Mercer Wealth’s clients include sovereign wealth funds, family offices, and insurance companies among others.

From its office in Dubai, Mercer also looks after Africa, India and Turkey, where they also see opportunity for growth.

Wealth creation in Middle East and Africa (MEA) grew 8.5 per cent to $8.1 trillion last year from $7.5tn in 2015, higher than last year’s global average of 6 per cent and the second-highest growth in a region after Asia-Pacific which grew 9.9 per cent, according to consultancy Boston Consulting Group (BCG). In the region, where wealth grew just 1.9 per cent in 2015 compared with 2014, a pickup in oil prices has helped in wealth generation.

BCG is forecasting MEA wealth will rise to $12tn by 2021, growing at an annual average of 8 per cent.

Drivers of wealth generation in the region will be split evenly between new wealth creation and growth of performance of existing assets, according to BCG.

Another general trend in the region is clients’ looking for a comprehensive approach to investing, according to Mr AbuShaban.

“Institutional investors or some of the families are seeing a slowdown in the available capital they have to invest and in that sense they are looking at optimizing the way they manage their portfolios and making sure they are not investing haphazardly and different parts of their investment are working together,” said Mr AbuShaban.

Some clients also have a higher appetite for risk, given the low interest-rate environment that does not provide enough yield for some institutional investors. These clients are keen to invest in illiquid assets, such as private equity and infrastructure.

“What we have seen is a desire for higher returns in what has been a low-return environment specifically in various fixed income or bonds,” he said.

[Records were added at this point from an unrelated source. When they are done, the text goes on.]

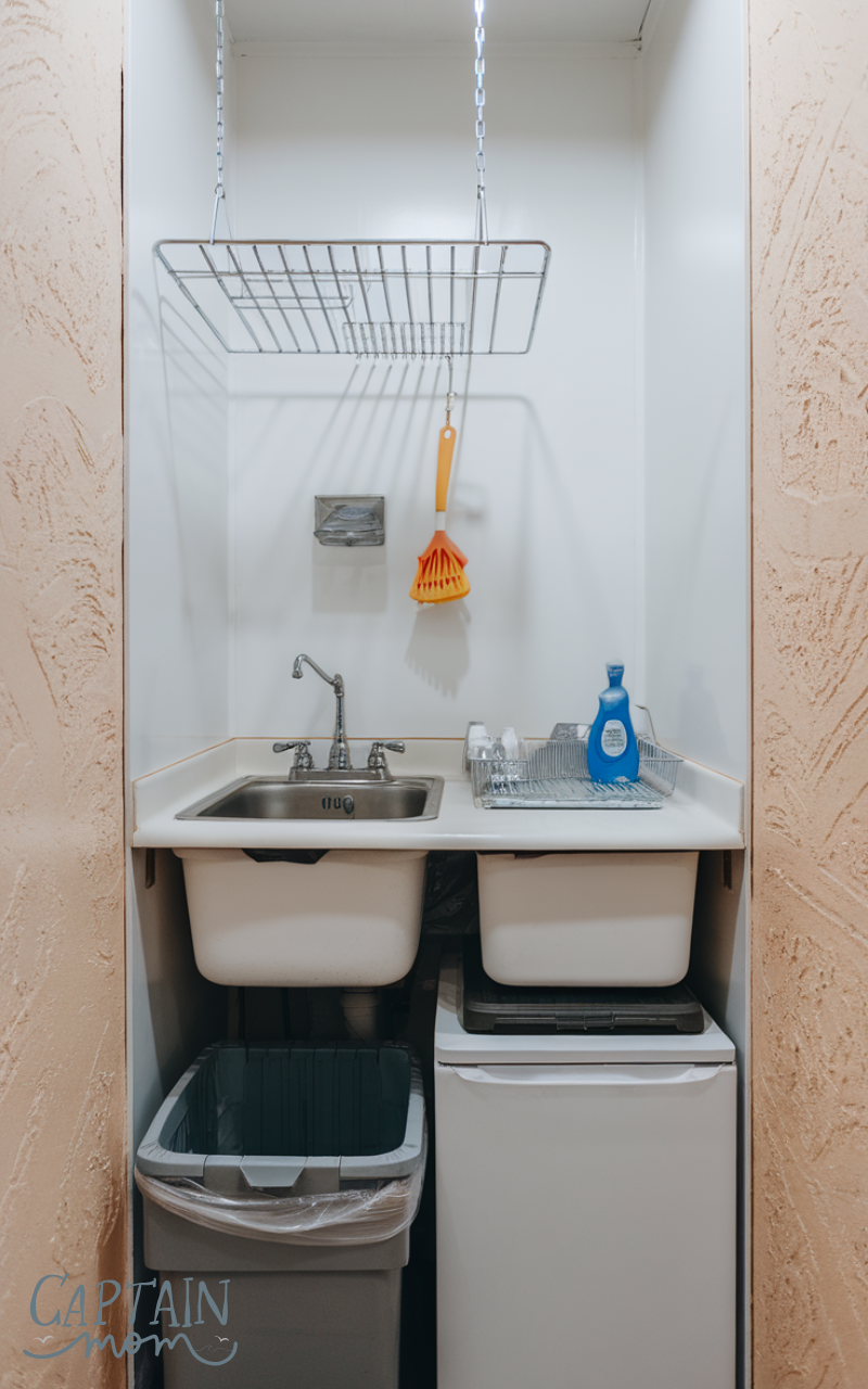 Store dish soap, sponges, and scrub brushes in a small caddy under the sink. If space allows, add a small pull-out trash bin to keep everything hidden but accessible. This Small Kitchen Zone keeps mess contained and prevents dirty dishes from spreading across your counters.
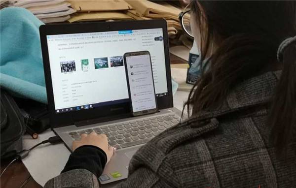 西北民族大学举办2020届毕业生春季线上双选会,一位毕业生正在浏览相关信息。 图片来源 中国甘肃网
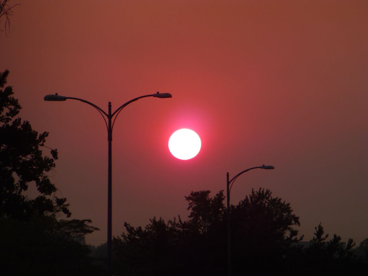 With the sun burning through a haze of burnt forests hanging in the air. Again, this is the same universe as in the images above.
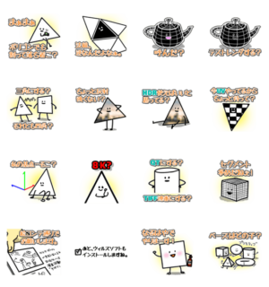 三角ポリゴン君とゆかいなプリミティブたち スタンプ画像一覧
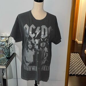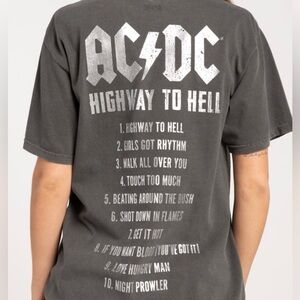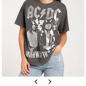 AC/DC Foil Boyfriend Tee. Large metallic graphic screened on front. Ribbed crew neckline. Short sleeve. Vintage wash. Oversized fit. 100% Cotton. Machine wash. Imported.
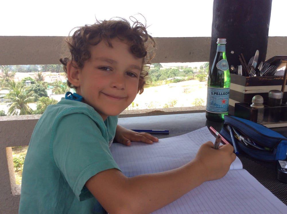 In Japan hatten wir ja eine Zeitlang die kleinen Tische beim 7/11 Supermarkt als Schulbänke genutzt, dann in Tokyo ein Starbucks Café, was schon komfortabler war, aber unsere Terrasse hier neben dem Pool in der Meeresbrise ist bisher noch ungetoppt! Liam vermisst trotzdem seine Schule und am meisten natürlich seine Mitschüler!
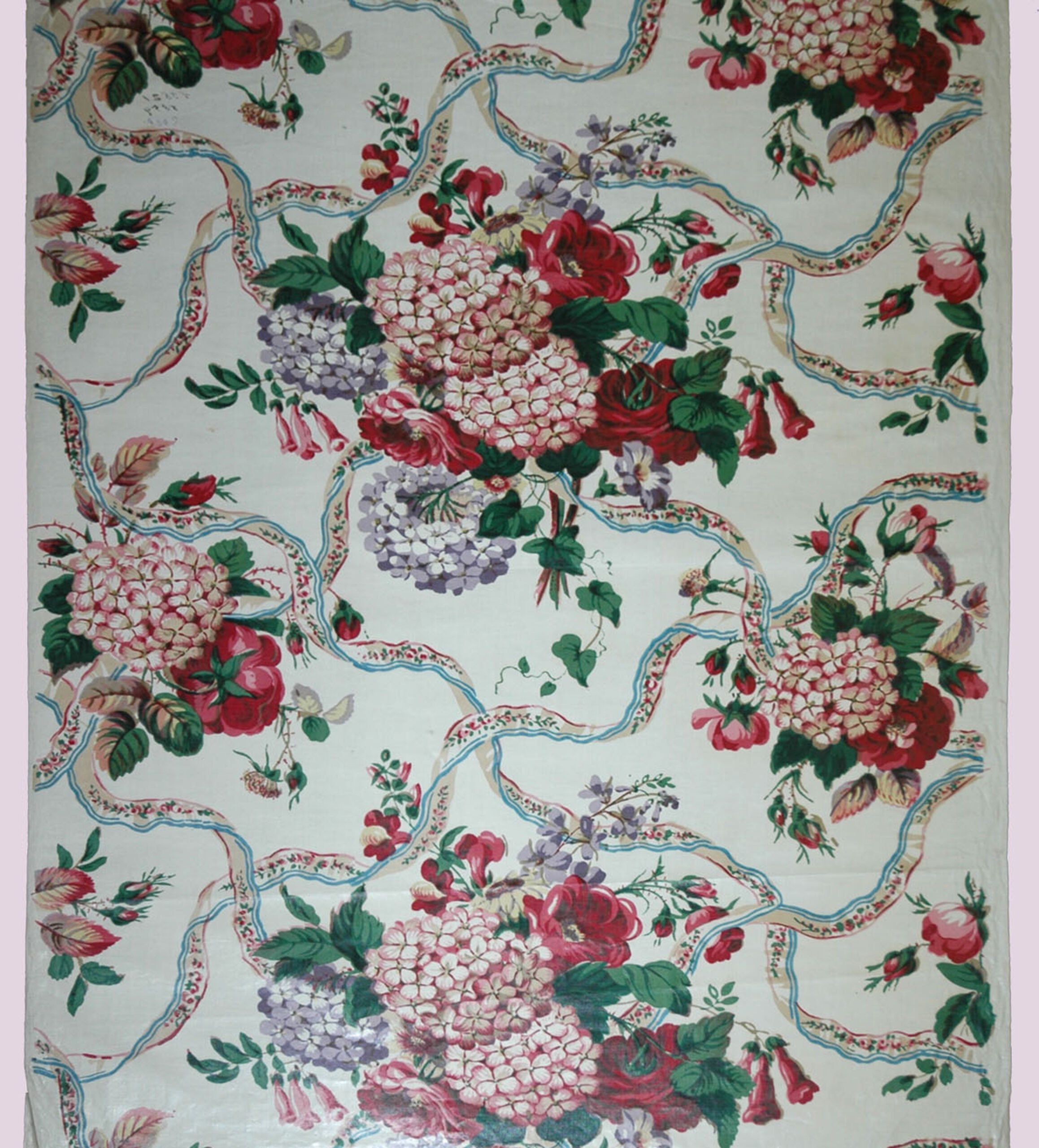 decorative fabric, Crossed- over blue and pink ribbons with large bunches of flowers (viburnum, roses) on white background, Green & Abbott, MAK Inv.nr. T 5854
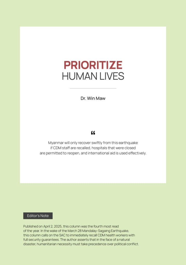 Published on April 2, 2025, this column was the fourth most read of the year. In the wake of the March 28 Mandalay-Sagaing Earthquake, this column calls on the SAC to immediately recall CDM health workers with full security guarantees. The author asserts that in the face of a natural disaster, humanitarian necessity must take precedence over political conflict.
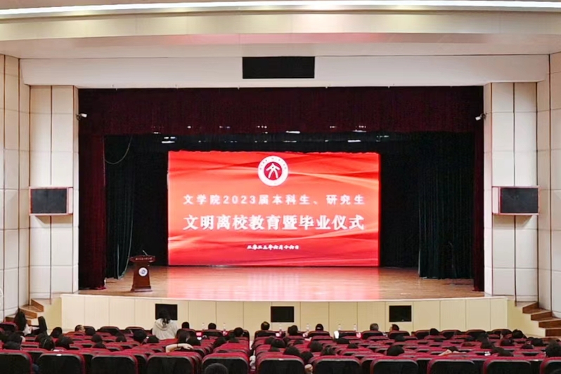 6月16日下午,文学院在大活剧场举行2023届文明离校教育暨毕业仪式。全体院领导、系主任、学位点负责人、毕业研究生导师、辅导员和毕业班班主任等教师代表出席活动,2023届全体毕业本科生、研究生以及部分低年级学生代表共400余人参加了活动。活动由学院党委副书记(主持工作)郭雨主持。

“In this environment, we have seen a de facto increase in the risk that clients are taking in things like illiquid investments, private equity investments, infrastructure and private debt, those kind of investments were higher illiquidity results in incrementally higher returns.”

The Abu Dhabi Investment Authority, one of the largest sovereign wealth funds, said in its 2016 report that has gradually increased its exposure in direct private equity and private credit transactions, mainly in Asian markets and especially in China and India. The authority’s private equity department focused on structured equities owing to “their defensive characteristics.”